A brief history of rabbits in fashion From Vivienne Westwood to Marni
Even in a society like ours, where symbolism, beliefs and rituals have been supplanted by the rational laws of marketing and finance, there are some symbols that survive the centuries. One of these is the rabbit, an animal that today we associate primarily with Easter, but which through various cultural incarnations (think Bugs Bunny and the White Rabbit, the most famous) have retained their role as mythological tricksters, liminal creatures symbolic of perpetual natural change and fertility, metaphors of prudence and fear but also of witchcraft, lust and purity together (such as the Playboy Bunnies). The rabbit, in short, is an animal many meanings for our civilization are layered, which often, through its carnivalesque representation, have leaked into the world of fashion as well. One of the most unthinkable fashion recurrences, for example, is that of the designer bowing at the end of the fashion show disguised as a rabbit: Tiziano Mazzilli and Louise Michelsen began when they closed their brand Voyage's show in Milan in 2003, followed by Alexander McQueen who appeared to greet dressed as a rabbit at the end of his SS09 show, then it was Francesco Risso's turn to disguise himself in the same way for the finale of Marni's FW20 show while the last to do so was Virgil Abloh who wore a hat with rabbit ears at the Met Gala 2021. But these are isolated cases. Many more are those in which rabbits have appeared on the runway - cases that, by the way, have been multiplying over the years as if, as time has passed, the public has begun to find new and relevant correspondences between today's world and the iconographic archetype of the rabbit.
After a series of other appearances that included Olympia Le-Tan and Coach, the rabbit landed first in AF Vandevorst's FW15, again in the form of a hat signed by Stephen Jones, and then, most strikingly, in Prada's FW16 collection in which sweaters and women's dresses were plastered with the image of a rabbit that, in this case, seemed to evoke a kind of post-modern infantilism, courting the world of athletic, activewear crashing formalwear. The following year it was Rick Owens who sent several models with rabbit-eared-like headdresses down the runway for his FW17 collection, Glitter, created with the idea of ceremony and ritual in mind and definitely denoted by a pagan or esoteric vibe. The American designer, in any case, has been frequenting the symbol for years: one of his permanent long sellers is a rabbit-shaped bag introduced first in FW08 as the Mink Fur Bag and then reiterated from FW10 onward in the HUNRICKOWENS line.
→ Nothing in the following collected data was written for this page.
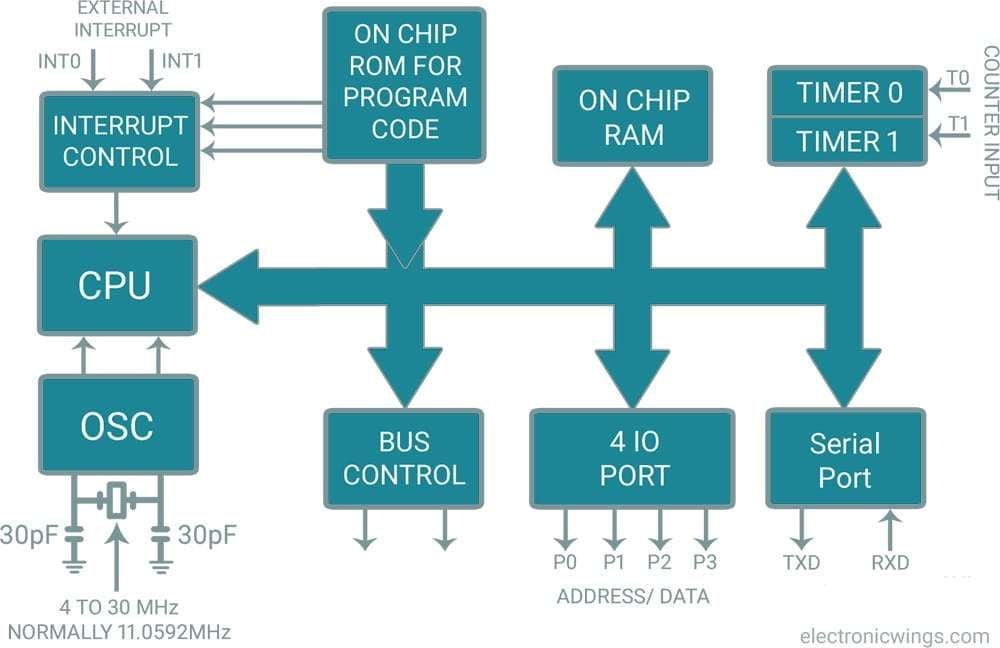 All 8051 microcontrollers have unique architecture as shown in the figure, which consists of functional blocks to build 8051 powerful controlling machines.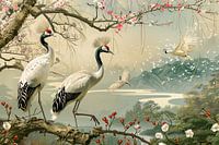 Digitaal schilderachtig fictief beeld van paradijsvogels met kersenbloesem in de lente in een Japanse tuin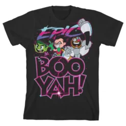 - GRAPHIC TEE: Beast Boy, Robin, and Cyborg celebrate with a victory dance on this graphic tee. A multi-colored Epic appears above them while the words, “Boo Yah,” are printed in black text below the heroes. Fans of the Titans will love this tee.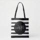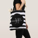 Black Monogram Script Calligraphy Modern Stripe Tote Bag
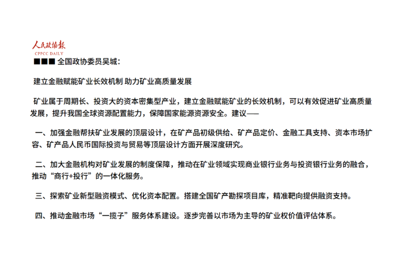 全國政協委員吳城:建立金融賦能礦業(yè)長效機制 助力礦業(yè)高質量發(fā)展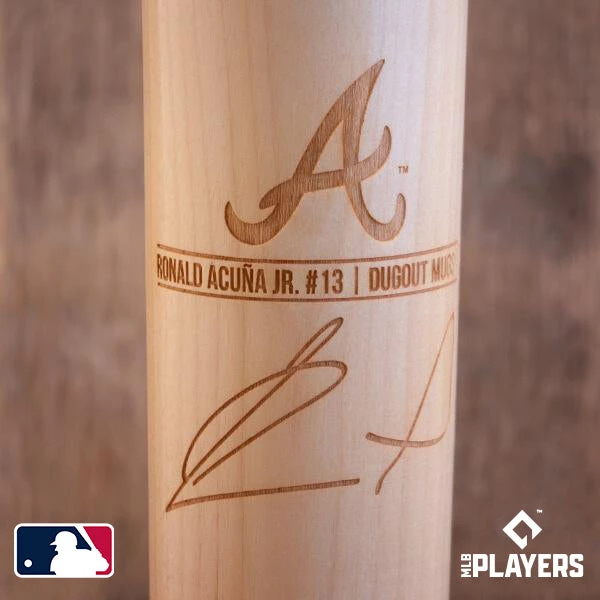 Dugout Mugs® proudly presents the Ronald Acuna Jr. Signature Series Dugout Mug®, complete with Acuna® Jr.’s signature and the Atlanta Braves ‘A’ engraved directly onto this baseball bat mug!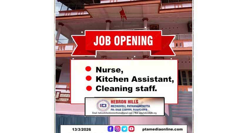 മെഴുവേലി – പതിറ്റാണ്ടുകളായി മെഴുവേലി പത്തിശ്ശേരിയിൽ ഡോ. മത്തായി ആലക്കോട് അച്ചന്റെ നേതൃത്വത്തിൽ പ്രവർത്തിക്കുന്ന ഹെബ്രോൻ ഹിൽസ് റിട്ടയർമെന്റ് ഹോമിലേക്ക് ജോലി ഒഴിവുകൾ താഴെ കൊടുക്കുന്നു…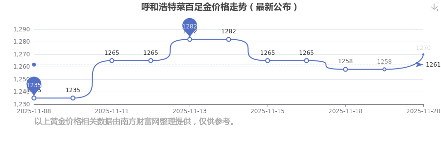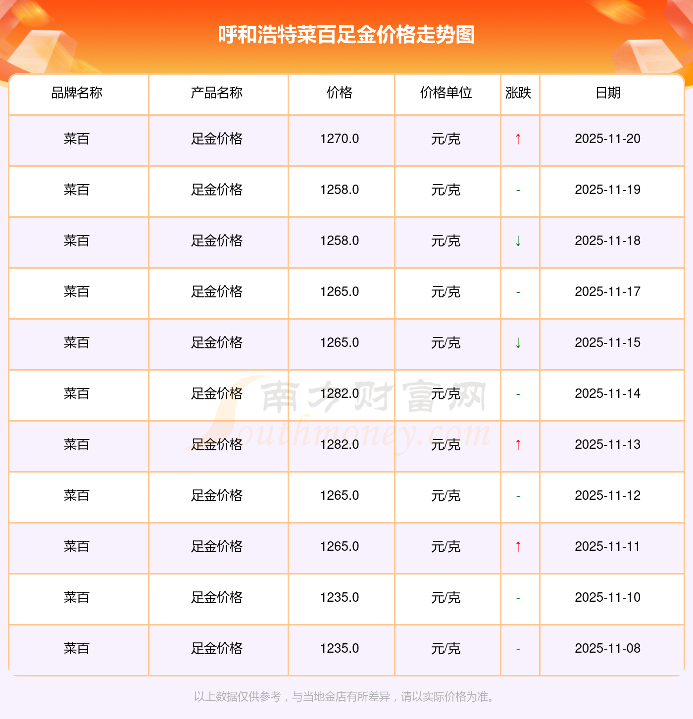 2025年11月20日呼和浩特菜百足金價(jià)格為1270.0元/克。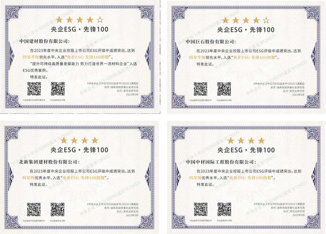 近期,《中央企业上市公司ESG蓝皮书(2023)》及“央企ESG·先锋100指数”榜单发布。集团所属4家上市公司K8凯发国际股份、中国巨石、北新建材和中材国际入选了“央企ESG·先锋100指数”,分别位于第33位,第39位,第87位以及第92位。ESG表现均处于四星级水平以上,是上市公司ESG开展的领先者。K8凯发国际股份案例《提升可持续高质量开展能力 努力打造世界一流材料企业》入选了《中央企业上市公司ESG蓝皮书(2023)》。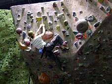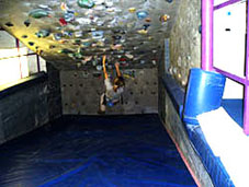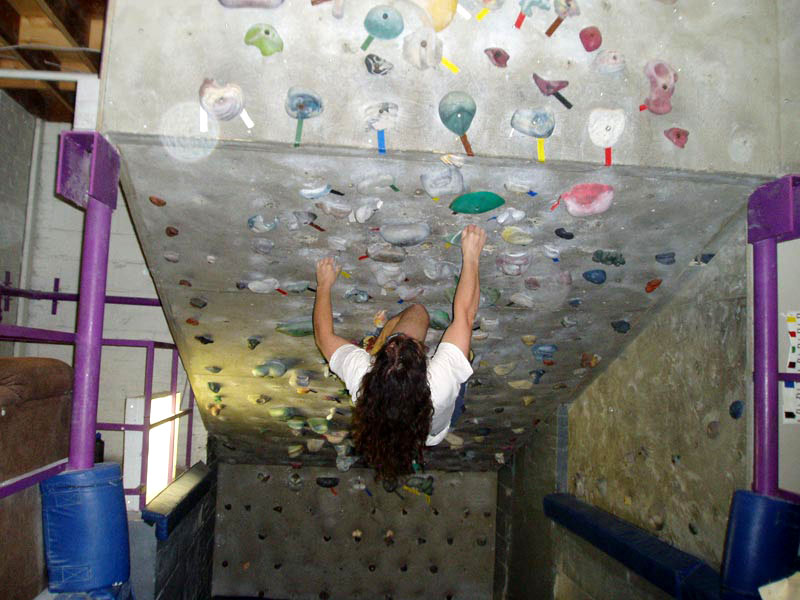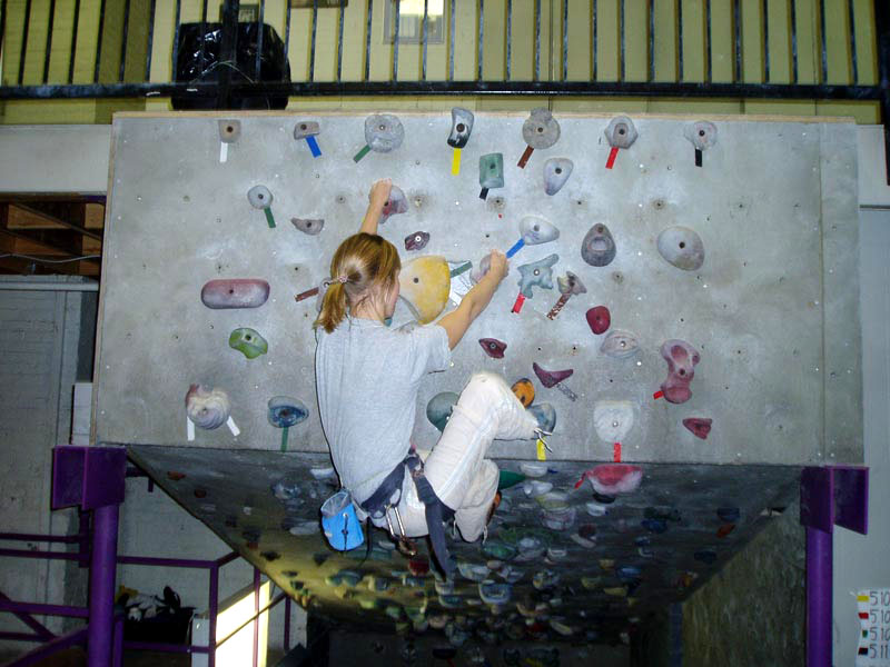 Еще есть интересное отличие в стиле трасс. По нашим ощущениям, здесь больше любят плохие зацепки. То есть если в Москве (ДДС и Скала) типичны трассы с хорошими зацепками, но зато сложными движениями, то здесь чаще бывают трассы по очень плохим зацепкам, но не с такими сложными перехватами. Правда, бывают исключения. Вот, например, на потолке в пещере обычно есть одна довольно простая трасса, и она, конечно, идет по ручкам. Зато была трасса совсем по мизерам - на ней, кажется, толще сантиметра было всего две-три зацепки (трасса была на вертикальной стене, 5.10+. Пальцы после такого издевательства отваливались:) ).

The following season it was Alessandro Michele, for Gucci's SS18 show, one of his most celebrated collections, who brought rabbits back to the runway in two versions: the first being Bug Bunny, and thus a reference to pop culture that the designer cheerfully remixed together with vintage and ultramodern designs; the second the embroidery of a rabbit that, together with similar representations of animals such as snakes, winged tigers and lambs, evoked that mystical Romanesque cathedral zoology that Michele favored. The following July, during Couture Week in Paris, Bertrand Guyon, then Schiapparelli's designer, brought gold rabbit masks and long-eared satin dresses to the brand's show - an homage to the extravagant looks the founder wore for her Parisian soirées.
And here we come to the most recent seasons: Egonlab, S.S. Daley and Ambush used the iconography of the rabbit for their SS23 collections, the former in the form of a pop element and with a reference to Alice in Wonderland's White Rabbit; the latter, on the other hand, used the rabbit in its meaning as a symbol of love, fishing the reference from the epistolary of Vita Sackville West and Violet Trefusis, two lesbian writers in Edwardian England who, in their own letters, used the word "rabbit" to talk about their love. Ambush rabbits, on the other hand, were a reference to rave culture and the modern avatar craze and nostalgic video games of the 1990s. Finally, last January, it was Masayuki Ino of Doublet who had his own show opened by a model dressed as a pink rabbit-a mixture of the human and animal worlds meant to represent the concept of diversity, since all animals (there was also an orca, wolf, and panda costume) live in harmony in nature.